In class it was stated that this set $\{ (x,y) \in R^2 | xy = 1 \}$ (a hyperbola) is homeomorphic with two real lines.
Informally it was stated that there exists a projection of the hyperbola on two real lines and this gives us the homeomorphism, but how would this be done?
I don't mean to obtain the homeomorphism explicitly but at-least understand how is this projection constructed.
If you have a link to a figure please share it.

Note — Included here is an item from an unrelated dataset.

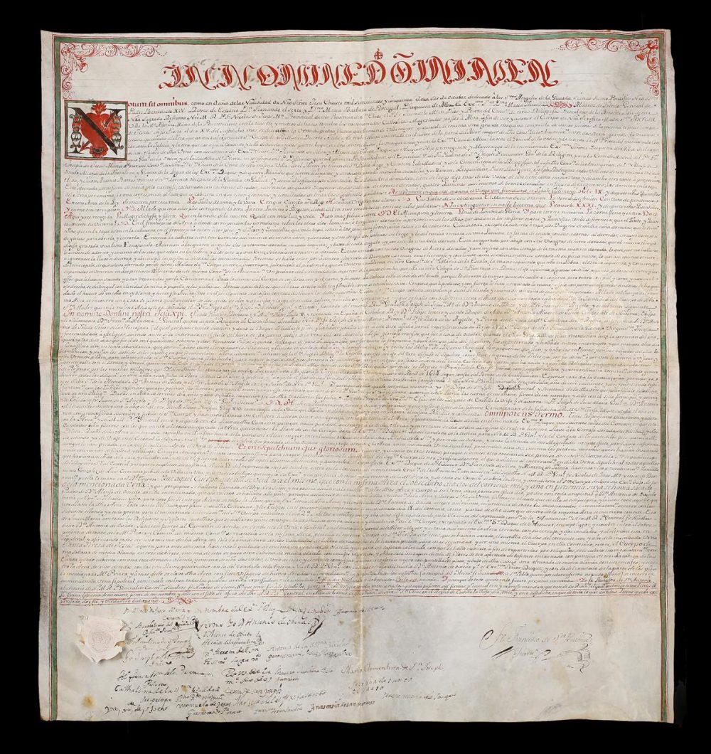 El documento notarial de 1750 narra la apertura del sepulcro motivada por la visita prevista de los reyes Fernando VI y Bárbara de Braganza. Describe con minuciosidad el arca de madera recubierta de terciopelo carmesí, adornada con dragones dorados, cantoneras, esferas y láminas con textos bíblicos y quintillas en honor a la Santa. Aquellos versos, grabados en las placas de bronce, presentan a Teresa como “arca de la Ley” y “mujer dichosa y fuerte” que venció a la muerte.

The line $x+y=2$ is tangent to the branch of the hyperbola in the first quadrant, and the line $x+y=-2$ is tangent to the branch in the third quadrant, as in the (rather crude) picture below:
Project the upper branch of the hyperbola at $45^\circ$ down and to the left onto the upper tangent line, and project the lower branch of the hyperbola at $45^\circ$ up and to the right onto the lower tangent line, as indicated by the blue arrows.
One intuitive way to do this would be to start with the orthogonal projection $\pi:\mathbb{R}^2 \to L$, where $L$ is the line $\{(x,y) \mid x+y=0\} \subset \mathbb{R}^2$.
Clearly, $L$ is homeomorphic to $\mathbb{R}$. Also, when restricted to either component of $H=\{(x,y) \mid xy=1\}$, $\pi$ has a continuous inverse (drop a perpendicular), and so it is a homeomorphism.
In fact, this approach can give us a nice explicit description of a homeomorphism mapping one branch of $H$ to $\mathbb{R}$, such as $(x,y) \mapsto x-y$.
An alternate approach is to just consider the vertical projection onto the $x$-axis, i.e. the map $(x,y)\mapsto y$. You can show that this a homeomorphism from $\{(x,y)\in\mathbb{R}^2:xy=1\}$ to the subset $(-\infty,0)\cup(0,\infty)\subset\mathbb{R}$. This is perhaps more accurately described as two (open) rays rather than two lines, but you can also show that $(0,\infty)$ and $(-\infty,0)$ are both themselves homeomorphic to $\mathbb{R}$ (see, for instance, this question), so you can also think of it as two lines.